Baca juga : G-20 dan Momentum Transformasi
Transisi energi
Presiden Jokowi kembali menegaskan, Indonesia berkomitmen memulai transisi ke energi ramah lingkungan. Pada KTT COP-26 di Glasgow, Indonesia telah berkomitmen untuk secara bertahap memulai transisi energi. Namun, transisi energi ini memerlukan pembiayaan yang sangat besar dan akses terhadap teknologi hijau.
”Bagi negara berkembang seperti Indonesia, harus didukung teknologi dan pendanaan agar tidak terlalu membebani masyarakat, industri, dan keuangan negara. Indonesia membutuhkan 50 miliar dollar AS untuk transformasi menuju EBT dan butuh 37 miliar dollar AS untuk sektor kehutanan, guna lahan, dan karbon laut,” jelasnya.
Presiden menjelaskan, Indonesia dan negara-negara berkembang meminta kontribusi negara maju untuk pembiayaan serta transfer ilmu pengetahuan dan teknologi. Presiden meyakini sumber pendanaan dan alih teknologi akan menjadi game changer. ”Pengembangan skema pendanaan inovatif harus dilakukan. Pertanyaan semacam ini adalah pertanyaan dari banyak negara berkembang dan negara miskin,” ujarnya.
Menurut Presiden, hasil konkret dari upaya-upaya tersebut hanya bisa dibuktikan oleh kuatnya kerja sama. Pemerintah tidak bisa bekerja sendiri dan perlu bekerja sama secara domestik dan global. Di dalam negeri, pemerintah bekerja sama dengan BUMN energi dan pihak swasta untuk mendesain transisi energi yang adil atau terjangkau.
”Kerja sama di tingkat internasional, pemerintah telah bekerja sama dengan Asian Development Bank (ADB) memulai Mekanisme Transisi Energi (Energy Transition Mechanism) dari batubara ke energi terbarukan,” katanya.
Indonesia dan negara-negara berkembang meminta kontribusi negara maju untuk pembiayaan serta transfer ilmu pengetahuan dan teknologi. Presiden meyakini sumber pendanaan dan alih teknologi akan menjadi game changer.
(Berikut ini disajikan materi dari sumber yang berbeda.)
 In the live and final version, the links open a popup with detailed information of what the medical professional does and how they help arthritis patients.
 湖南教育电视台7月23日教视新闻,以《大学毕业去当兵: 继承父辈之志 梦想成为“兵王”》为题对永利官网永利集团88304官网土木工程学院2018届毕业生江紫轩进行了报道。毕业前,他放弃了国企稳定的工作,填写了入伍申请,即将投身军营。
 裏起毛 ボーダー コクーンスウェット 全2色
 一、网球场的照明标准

Presiden juga memaparkan sejumlah strategi kebijakan dalam rangka mewujudkan ekonomi hijau, seperti pembangunan rendah karbon, kebijakan net zero emission, dan pemberian stimulus hijau untuk mendorong peningkatan realisasi ekonomi hijau. Menurut Presiden, upaya konservasi dan restorasi lingkungan menunjukkan keberhasilan dalam beberapa tahun terakhir.
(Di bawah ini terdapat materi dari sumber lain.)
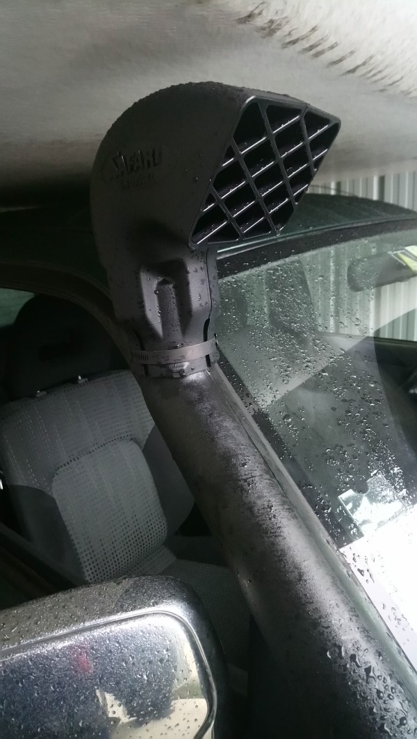 Le matériel augmente petit à petit et nous décidons de faire de la place pour mieux ranger tout ça. Nous enlevons donc la banquette arrière et la remplaçons par une caisse fixée sur les mêmes points de fixation. La caisse est en plastique, c'est de la réutilisation de ce que nous avions déjà, mais nous avons repéré pour plus tard une caisse alu aux bonnes dimensions. Nous complétons le paquetage avec une pelle, des plaques de désensablement / déneigement, une sangle Kinetic et ses 2 manilles pour être tractés et quelques outils, gants, … Une petite perte de liquide de refroidissement nous amène à changer la pompe et une petite fuite d'huile est réparée par la même occasion. L'échappement est bien oxydé, là aussi un coup de neuf s'impose... Dernier changement, sans doute pas obligatoire en hiver mais au cas où et puis nous on trouve que ça lui donne une bonne tête : le snorkel. Le but est de remonter l'arrivée d'air pour éviter de noyer le moteur pendant une traversée de rivière.
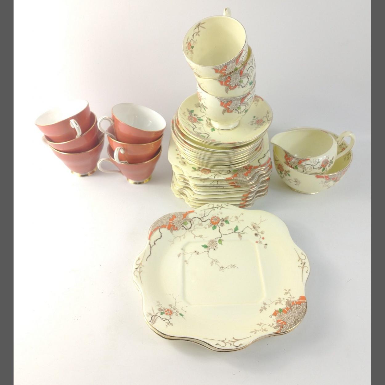 A GRAFTON part tea set comprising two large plates with a sugar and cream, 12 side plates, 11 saucers with three matching cups and six Royal Grafton orange cups that match quite well. 36 pieces in total. Generally good condition, cracked noted.
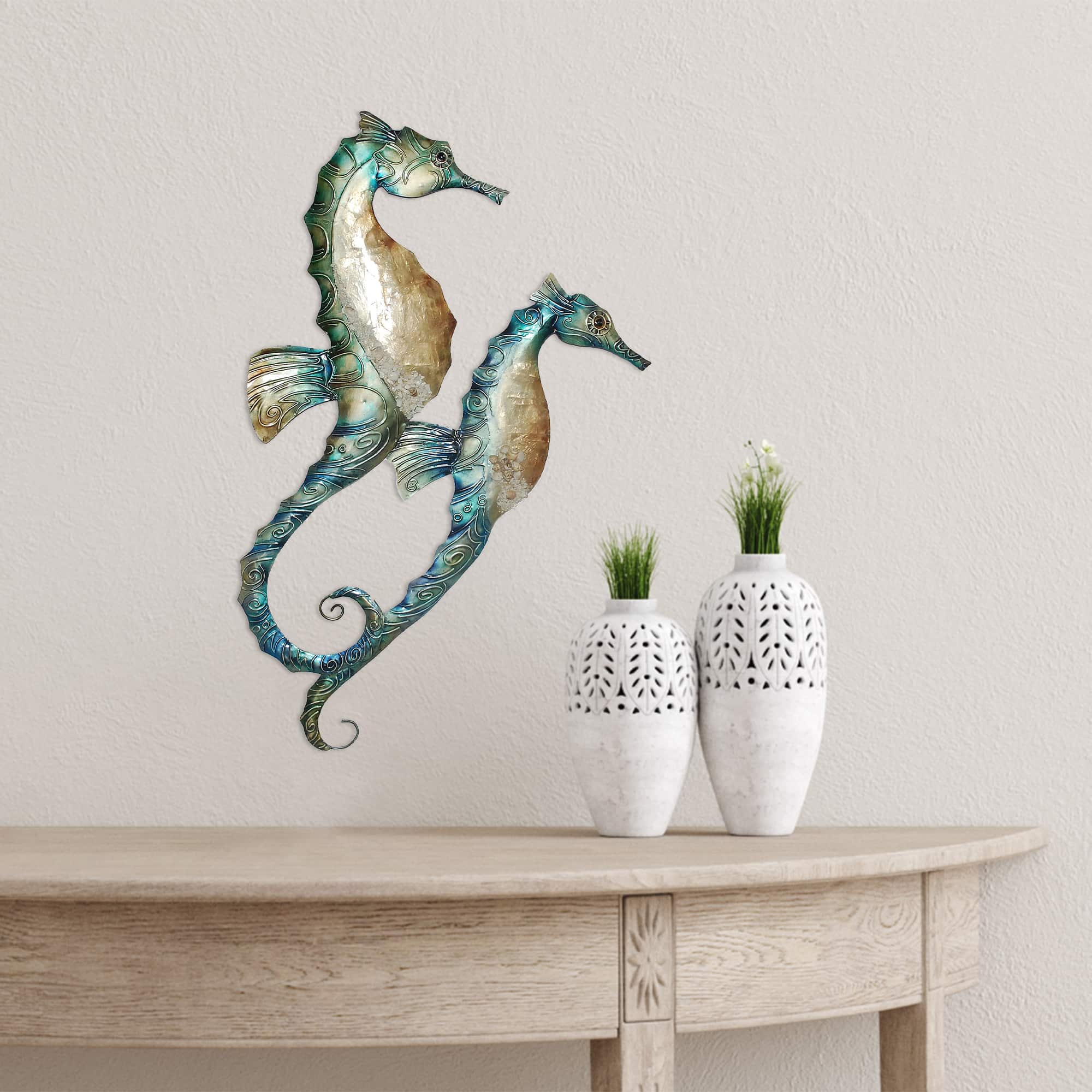 The basic frame of the wall seahorses is created using tin, which is powder coated as a black finish. Capiz is an oyster shell and the primary purpose of the oyster is as a source of food. However, the by-product, the shell, can be used for decoration. Due to it being a natural material, the natural colors of the capiz can come through as tans and browns.

Laju deforestasi turun signifikan sampai ke 75 persen pada periode 2019-2022, di angka 115.000 hektar. Selain itu, kebakaran hutan juga turun drastis. Jumlah titik panas (hotspot) pada tahun 2021 mencapai 1.369 titik, menurun jauh dari tahun 2014 sebanyak 89.214 titik. Demikian pula dengan luas lahannya yang pada tahun 2021 mencapai 229.000 hektar, turun dari tahun 2014 yang mencapai 1,7 juta hektar.
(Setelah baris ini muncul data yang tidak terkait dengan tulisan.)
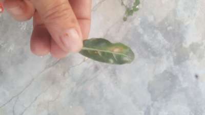 Saiba mais sobre o PlantixAs folhas da rosa do deserto estão enrugadas e com pontos marrom claro e escuro
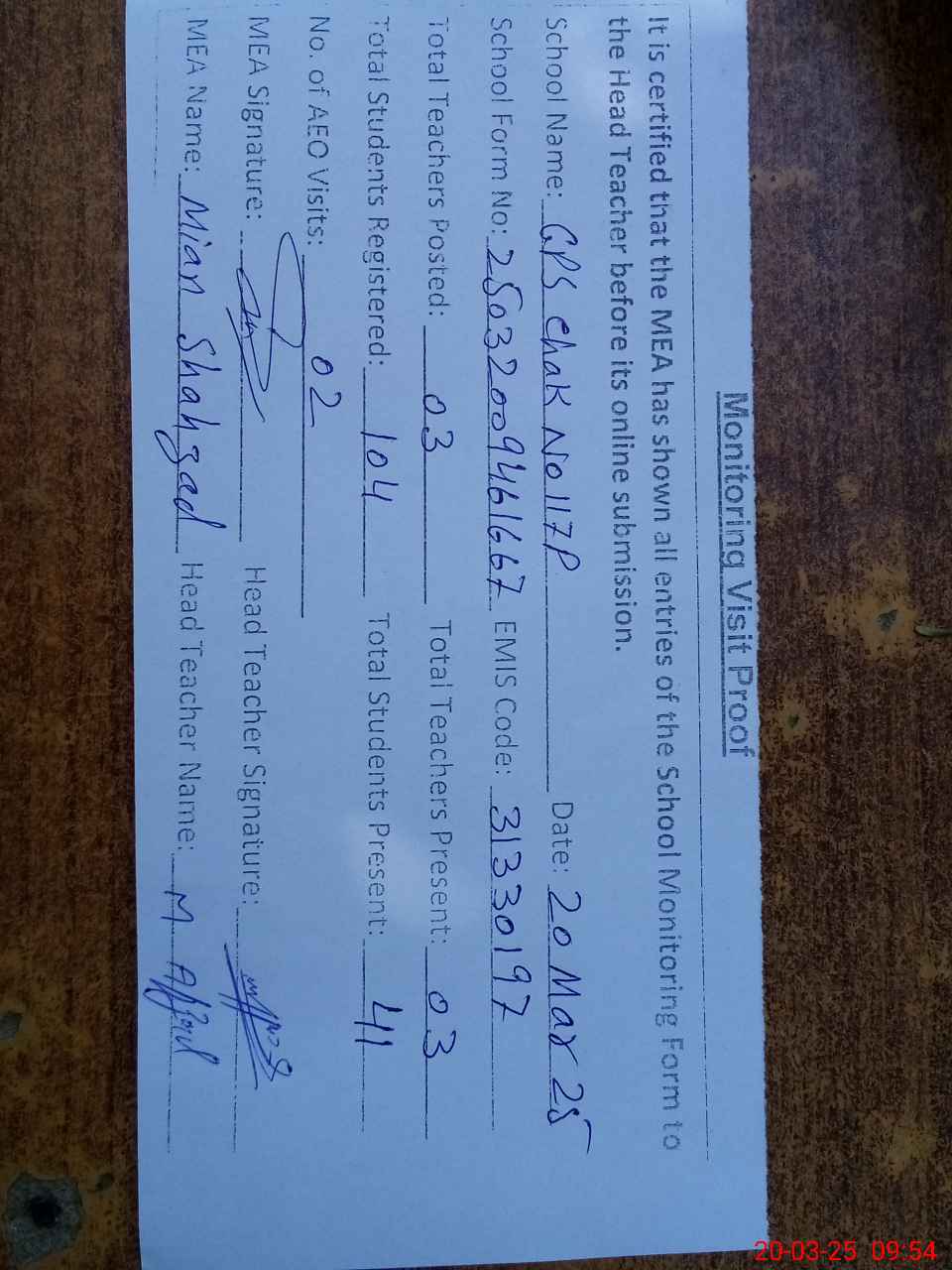 | Attendance Register | Head Teacher | MEA with School | Visit Proof |
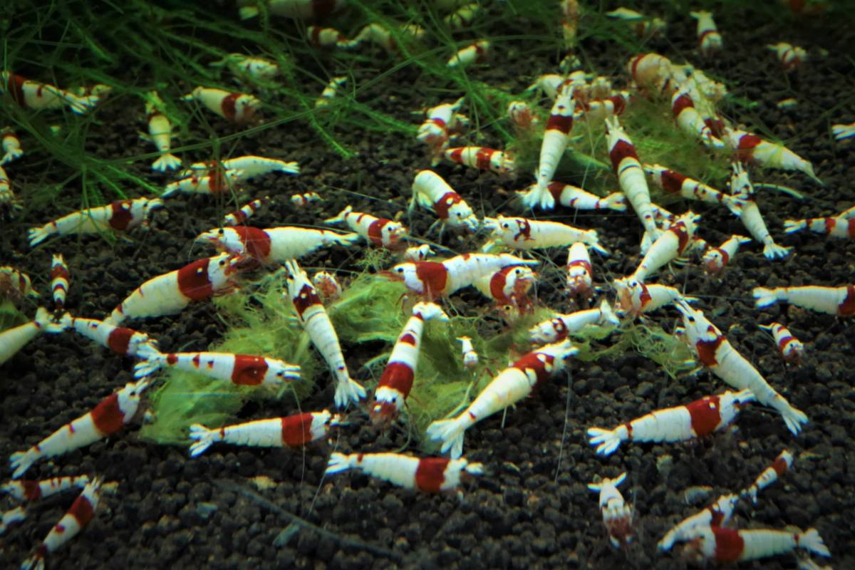 Product name: オリーブえび赤白ビー画像の水槽から色濃い赤脚若個体二の字~モスラ15匹+ブセファランドラ

Baca juga: Signifikansi Presidensi G-20 Indonesia 2022
Restorasi lahan gambut juga berjalan dengan baik seluas 3,74 juta hektar pada 2016-2021. Rehabilitasi mangrove dilakukan besar-besaran. Pada 2020-2021, Indonesia telah merehabilitasi 50.000 hektar hutan mangrove dan menargetkan 600.000 hektar sampai tahun 2024. ”Saya kira ini terluas di dunia dengan daya serap karbon empat kali lipat dibandingkan hutan tropis, bahkan dengan below ground mangrove dapat mencapai 10-12 kali lipat,” tambahnya.
Menurut Presiden, Indonesia berpotensi menjadi pemimpin pasar global dalam skema perdagangan karbon dunia. Indonesia bahkan diprediksi mampu mengalahkan potensi perdagangan karbon di Peru, Kenya, dan Brasil sebagai sesama negara yang memiliki luasan hutan tropis terbesar di dunia. Pembentukan harga carbon by country di Indonesia juga relatif bersaing dibandingkan negara pionir perdagangan karbon lainnya, seperti Brasil, Peru, dan India.
Indonesia juga telah memiliki beberapa proyek percontohan REDD+ dengan skema Result-Based Payment (RBP), seperti Green Climate Fund (GCF), Forest Carbon Partnership Facility (FCPF), dan Bio Carbon Fund (BCF) dengan total nilai komitmen sekitar 273,8 juta dollar AS.